Weekly Brief: Volvo to build large self-driving fleet for Uber

Uber wants up to 24,000 self-driving cars whisking around American cities within five years. Andrew Tolve reports.

It would be easy write off Uber as the frontrunner to commercialise self-driving technology, what with all of its troubles in 2017, from the sacking of its CEO to the Waymo lawsuit to the latest revelation that the company paid hackers hush money over a security breach in 2016. You don’t tell that to Uber because it has just announced ambitious plans to build out a fleet of up to 24,000 self-driving cars for its ridesharing network in the coming five years.

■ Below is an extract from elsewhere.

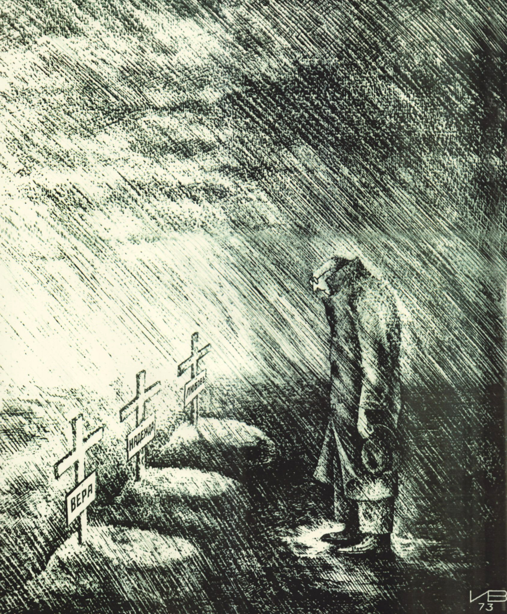 После него осталось около пятисот опубликованных на шестнадцатой полосе «ЛГ» рисунков - притч и ... воспоминания, рассказы-легенды о его пропавших работах. Они потеряны, уничтожены автором в минуты забытия, раздарены, пропиты, проданы за рубль... растащены запасливыми поклонниками.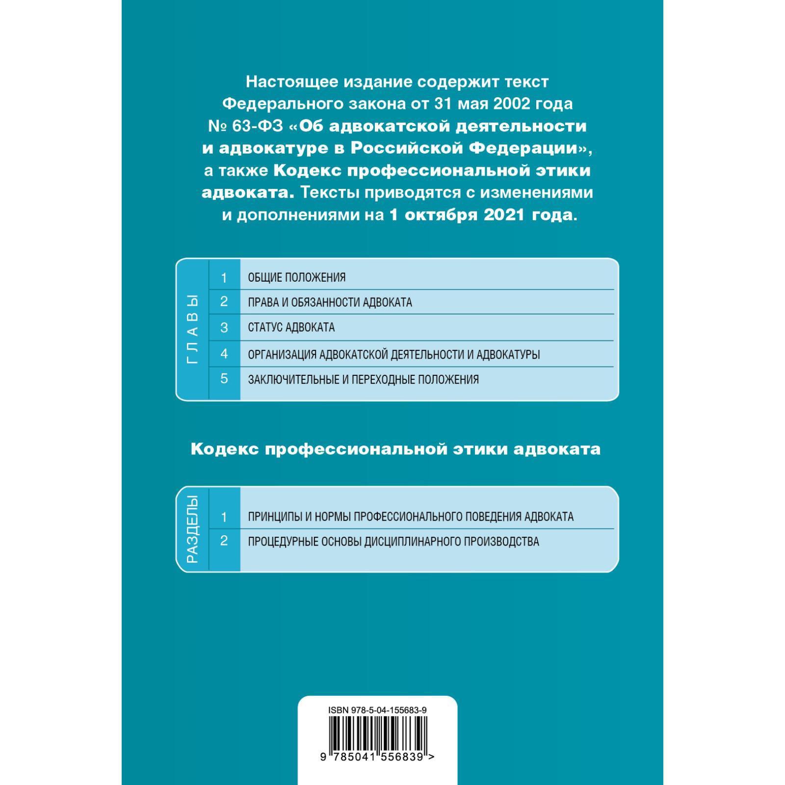 Настоящее издание содержит текст Федерального закона от 31 мая 2002 года № 63-ФЗ «Об адвокатской деятельности и адвокатуре в Российской Федерации», а также «Кодекс профессиональной этики адвоката». Тексты приводятся с изменениями и дополнениями на 2021 год. Если есть изменения, вступающие в силу позднее, то вместе с редакцией нормы, действующей на эту дату, приводится норма в новой редакции и указывается дата, с которой она вступает в силу.

The vehicles will be Volvo‘s flagship XC90 SUVs, beefed up with a self-driving system that Uber’s Advanced Technologies division is still developing. Volvo and Uber signed a $300M (£224M) deal back in 2016 to develop self-driving cars and have already jointly built 200 XC90 self-driving prototypes; this latest deal will take those models to scale between 2019 and 2021. Uber won’t say when its new fleet will be deployed to paying customers.

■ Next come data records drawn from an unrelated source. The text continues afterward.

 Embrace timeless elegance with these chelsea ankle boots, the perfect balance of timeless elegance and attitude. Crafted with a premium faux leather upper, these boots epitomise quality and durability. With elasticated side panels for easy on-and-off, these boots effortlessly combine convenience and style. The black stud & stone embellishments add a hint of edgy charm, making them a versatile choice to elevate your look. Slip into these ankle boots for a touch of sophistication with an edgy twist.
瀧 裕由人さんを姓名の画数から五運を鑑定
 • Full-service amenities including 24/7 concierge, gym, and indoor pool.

Back to the hack, Uber now admits that hackers stole personal information of 57M customers and drivers, including the drivers’ licenses of 600,000 drivers, in 2016. Rather than let the proper authorities and the public know at the time, the company elected to cover it up by paying hackers $100,000 to destroy the information. The US Federal Trade Commission is likely to impose penalties, dozens of US states are expected to sue for failing security breach notification laws, while Britain’s National Cyber Security Centre and National Crime Agency are both investigating the matter.

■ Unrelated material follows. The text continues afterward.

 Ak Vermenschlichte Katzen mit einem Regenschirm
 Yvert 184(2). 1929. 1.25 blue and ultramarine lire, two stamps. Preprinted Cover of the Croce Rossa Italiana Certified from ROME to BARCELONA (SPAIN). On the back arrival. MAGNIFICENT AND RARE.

Tesla published pricing for its new all electric semi-autonomous articulated truck. The big rig will start at $150,000; that’s for a battery that delivers 300 miles on a single charge. For $180,000 you get a range of 500 miles and, for $200,000, you get 500 miles in range plus a guarantee of getting one of the first 1,000 trucks built, which might be worth it given Tesla’s history of manufacturing delays. As a point of comparison, a typical diesel big rig goes for upwards of $100,000, has vastly superior refuelling infrastructure and, currently, a much lower carbon footprint for environmentalists to ponder.

Lyft got cleared to test autonomous vehicles on public roads in California. The ridesharing company has partnered with other tech companies like Drive.ai and Waymo for self-driving initiatives in the past but the permit via the California DMV would suggest that Lyft is nearing completion on its own self-driving software. Lyft also announced that it’s looking to raise another $500M on top of the $1Bn round it closed in October.

Both Audi and Mercedes-Benz are exploring new cockpit designs for the next generation of digital integration. Mercedes gave a sneak peek at the interior of the 2018 A-Class, which replaces the traditional dashboard with a ribbon of 3D screens running from behind the steering wheel across to the centre console. One of the 3D screens displays the instrument cluster, the second navigation and infotainment.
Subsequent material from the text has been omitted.